Марфа вошла в зал и посмотрела на семью. Дети ели тихо, без обычного перешептывания и шуток. Тео кормила Лизу, держа ее на коленях.

Степан поймал ее взгляд и поднялся.

— Можно мне к ней? — неуверенно спросил брат. «Что там?».

— Зайди, конечно, ей легче будет, — Марфа встала на цыпочки и чуть коснулась губами его виска. «Волосы-то седые», — вдруг пронзила ее горькая мысль. «И у Пети тоже, а тому только четвертый десяток пошел».

Степан вышел, а она, сев на его место, сказала: «Ну, молодцы, что вы так хорошо себя ведете. Мама скоро родит, и будет у вас новый братик или сестричка».

— А после обеда нам в детские пойти? — спросила Тео, вытирая салфеткой рот сестры. «Еще хочу!», — сказала Лиза, потянувшись за свежим хлебом.

— Дай ее мне, милая, — тихо попросила Марфа. «Да, побудьте у себя, почитайте что-нибудь, поиграйте, только не шумите».

— Хорошо, — угрюмо сказал Федя. «Я рисовать буду».

— Ну, вот и славно, милый, — Марфа намазала краюшку хлеба маслом и, протянув Лизе, посмотрела на близнецов. Они сидели, не поднимая головы, взявшись за руки.

— А мама не умрет? — вдруг спросил кто-то из них — высоким, наполненным слезами, мальчишеским голосом.

— Никто не умрет, — твердо сказала женщина, и, поднявшись, перекрестившись, вышла из комнаты.

Миссис Стэнли вышла из Машиной опочивальни и подозвала к себе Степана.

— Сэр Стивен, хорошо, что вы пришли — сказала она, — надо посылать в Лондон — за хирургом.

Одна я не справлюсь. Ребенок крупный, леди Мэри его переносила, лежит он неправильно, а жена ваша сейчас очень ослабла. Я просто не могу подвергать ее такой опасности дальше — надо поворачивать ребенка, а для этого необходим врач».

— Хорошо, — он кивнул. «Я сейчас поеду. Можно к ней зайти?»

Маша была почти без сознания. Марфа, — сама уже совсем отяжелевшая, с опустившимся животом, — встала у изголовья, и ласково стирала пот с ее лба. Он нагнулся и поцеловал жену в губы — ледяные, даже не двинувшиеся в ответ.
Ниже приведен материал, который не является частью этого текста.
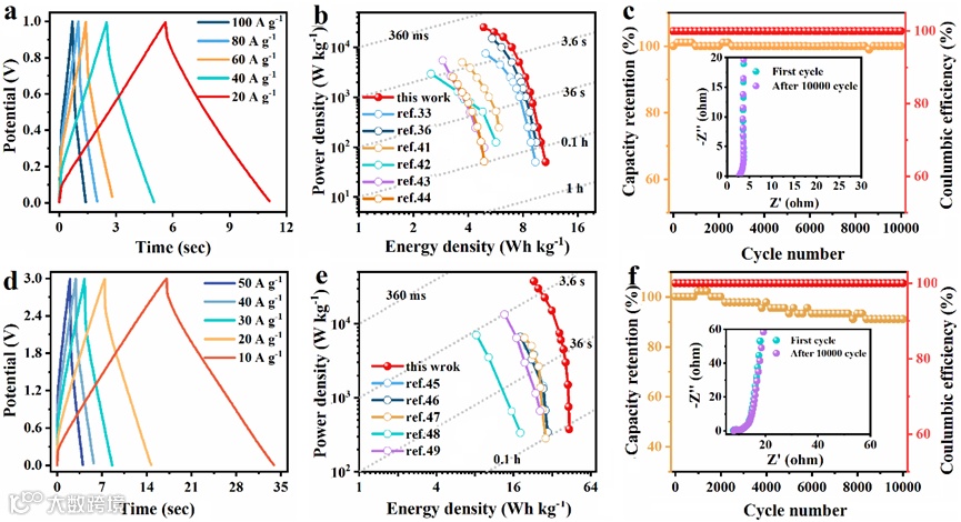 使用BN-PCS作为电极材料组装了对称超级电容器。在6 mol L−1 KOH 和1 mol L−1 TEABF4电解液中,BN-PCS电极材料均表现出优异的倍率性能和循环稳定性。在0.5 A g−1的电流密度下,器件可以获得43.5 Wh kg−1的高能量密度。经过10000次循环后,器件在氢氧化钾和有机电解液中的电容保留率分别为100%和91.1%,库伦效率均约为100%。
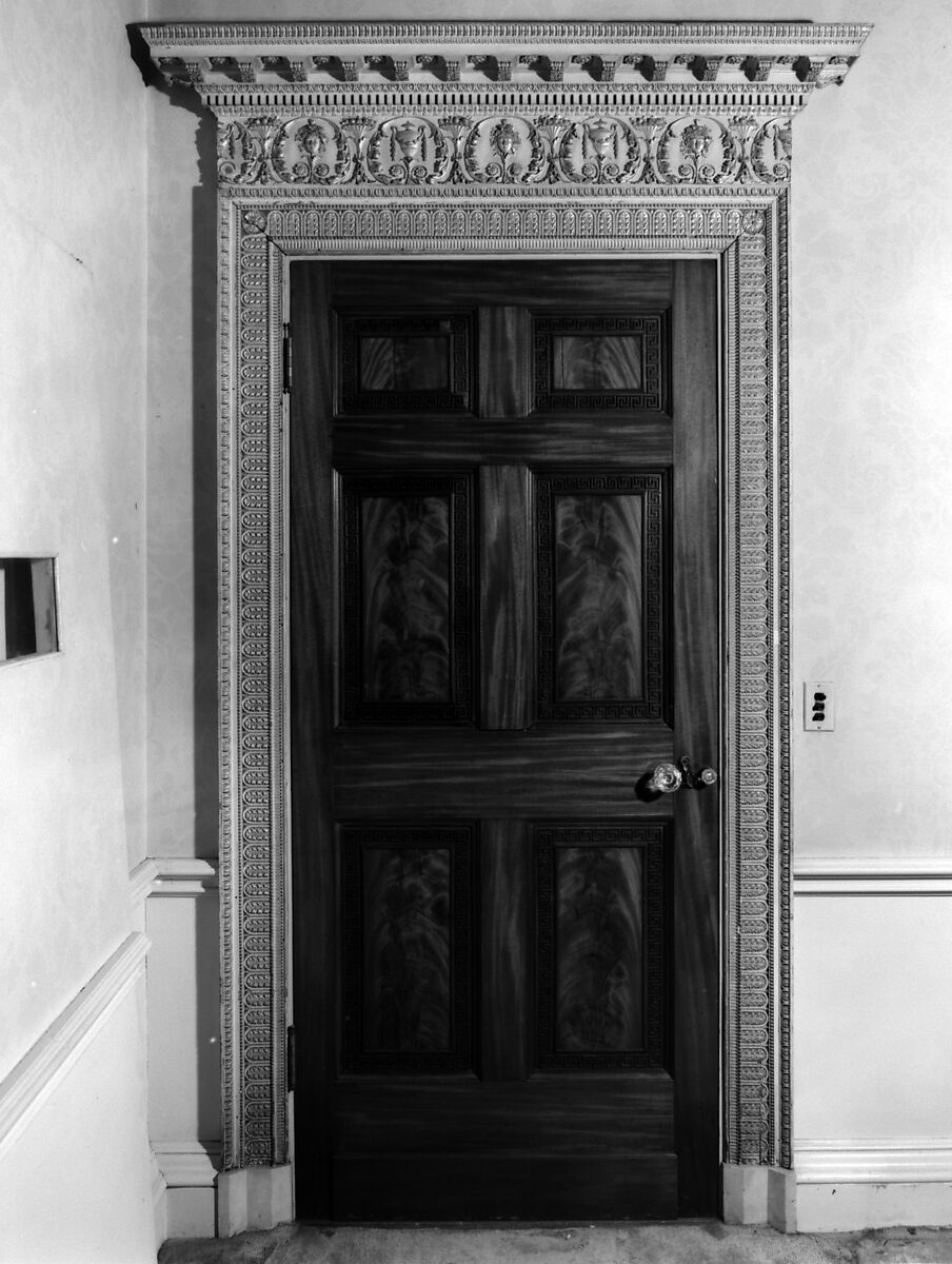 - Medium: Pine frame painted grey, red; blue and parcel-gilt mahogany door
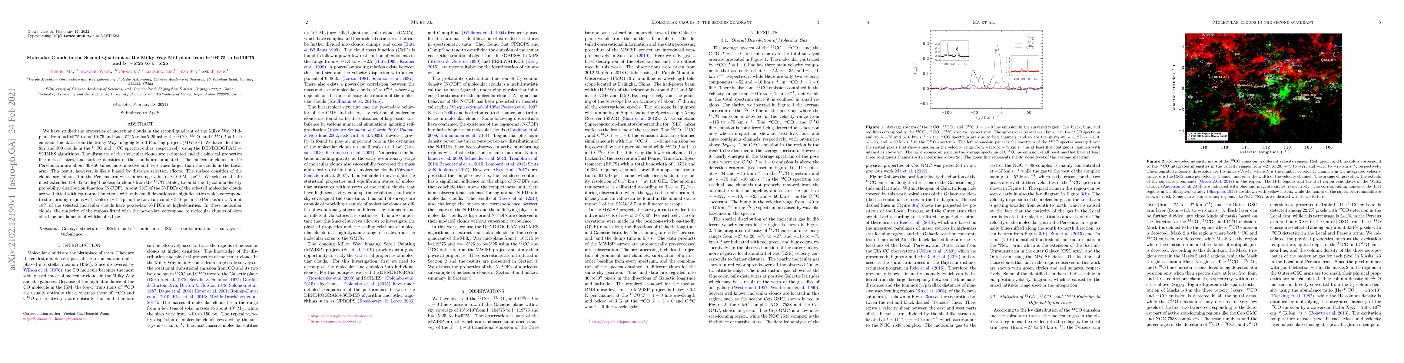 This study analyzes molecular clouds in the Milky Way's second quadrant using $^{12}$CO, $^{13}$CO, and C$^{18}$O data from MWISP, identifying 857 and 300 clouds respectively. The Perseus arm clouds are significantly more massive and larger than those in the Local arm, though distance biases may affect this result. The H$_2$ column density distribution of the most extended clouds shows log-normal behavior in 78% of cases, with deviations in star-forming regions.
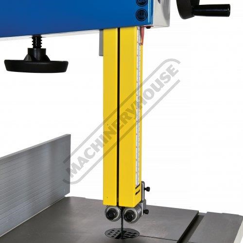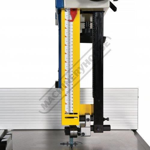 The BP-430A manufactured in Taiwan offers excellent safety features including interlocked blade guard doors, safety magnetic nvr power switch, 2 x height option fence, twin extraction ports and is all compliant to CE standard. A rigid welded steel chassis cast iron table and heavy-duty ball bearing blade guides are included, along with a rigid rip fence and precision mitre fence.
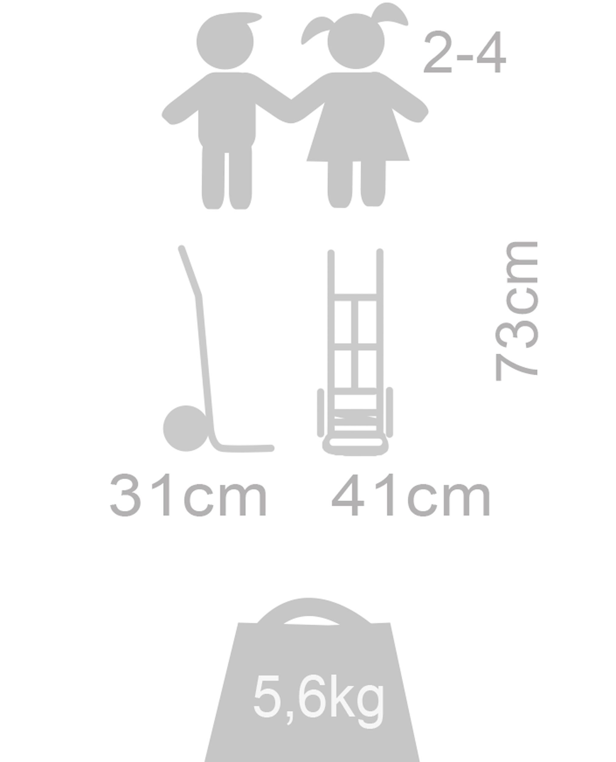 Für die Altersgruppe 2 bis 4 Jahre - Länge 31 cm, Breite 41 cm, Handgriffhöhe 73 cm,
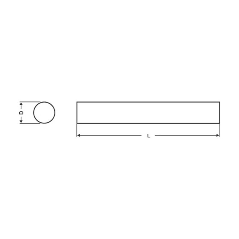 HSS-EW9Co10 Werkstoff 1.3207 · DIN 4964 Form A: rund · gehärtet, angelassen und fertig geschliffen · Enden gerade und ungeschliffen · Härte 65-69 HRC · Durchmesser-Toleranz: h8 Längentoleranz: +/- 2 mm Weitere technische Eigenschaften: · Länge L: 80mm · Ø D: 8mm
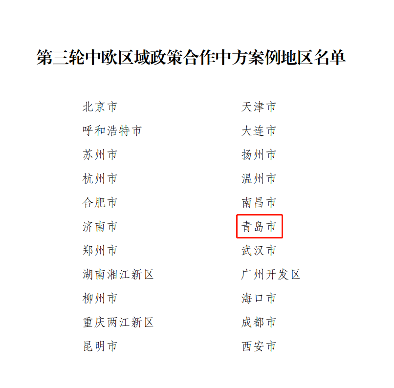 此番入选《第三轮中欧区域政策合作中方案例地区名单》,为青岛扩大与欧洲合作提供了新的平台和契机。
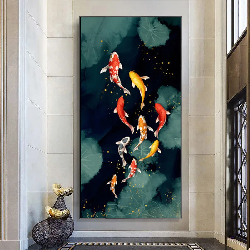 Абстрактная Картина на холсте в китайском стиле с изображением рыбного карпа, лотоса, пруда, для украшения гостиной, домашний декор, настенное искусство
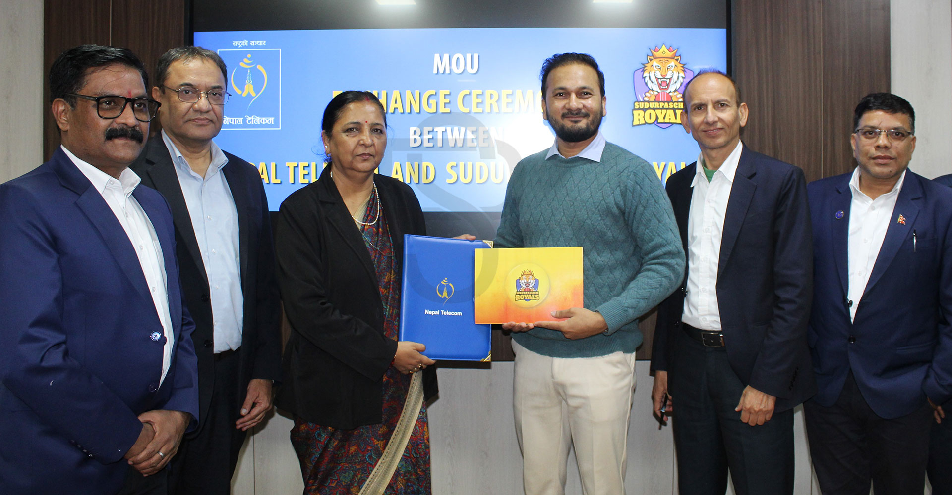 नेपाल टेलिकम, केन्द्रीय कार्यालयमा सुदूरपश्चिम रोयल्स टिमको टेलिकम पार्टनरका रुपमा नेपाल टेलिकम रहनेछ । उक्त समझदारीपत्रमा नेपाल टेलिकमका तर्फबाट कम्पनीका प्रबन्ध निर्देशक सङ्गीता पहाडी अर्याल तथा सुदूरपश्चिम रोयल्सका तर्फबाट टिमका प्रमुख कार्यकारी अधिकृत प्रकाश खड्काले हस्ताक्षर गर्नुभयो ।
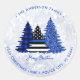 Ajoutez la touche finale à vos salutations de vacances à vos amis et votre famille avec cette étiquette de retour de Noël de police - Ligne Bleue mince, plaid noir et bleu et parties scintillant bleues sur un motif arrière - plan de parties scintillant de neige argentée. Personnalisez avec le nom de famille et l'adresse. Ce étiquette de adresse de Noël de la police est parfait pour les familles de policiers ou les cartes de Noël du service de police. DROIT D'AUTEUR © 2020 Judy Burrows, Black Dog Art - Tous droits réservés. Police Christmas Blue Holiday Tree Retourner l'adresse Classic Round Sticker

Она что-то простонала и ее рука — с посиневшими лунками ногтей, — сначала напряглась, а потом упала на простыню.

— Езжай, Степа, — тихо сказала Марфа. «Езжай быстрее, прошу тебя».

Он постучал в дверь детской. Тео выглянула в коридор.

— Тео, — сказал он тихо. «Присмотри за детьми, пожалуйста, мама твоя акушерке помогает, а я в Лондон еду».

— Конечно, сэр Стивен, — ответила девочка, покраснев, и он поморщился: «Оставь ты меня так называть. Можешь — дядей, можешь — просто Стивен».

— Хорошо, дядя, — она вдруг улыбнулась. Он, — странное дело, — увидел в этом, совершенно, на первый взгляд, непохожем на нее ребенке, — покойную Федосью Никитичну.

Это была та же северная стать, — он бы узнал эту прямую спину из тысяч других, эта гордая, новгородская, несгибаемая голова, эти глаза — твердые, будто клинок, хотя у Вельяминовой отливали они сталью, а у этой Феодосии — глубокой зеленью моря.

Степан уже и забыл почти, как юношей он исподволь любовался женой Федора Васильевича. А тогда не проходило и ночи, чтобы он не думал о ее серых глазах, обрамленных золотистыми ресницами, о ее плавной, изящной походке, — будто птица в полете, о ее руках, — представляя себе, что может коснуться их. Ему хватало одной этой мысли, чтобы утыкаться горящим лицом в подушку, и все равно — продолжать мечтать.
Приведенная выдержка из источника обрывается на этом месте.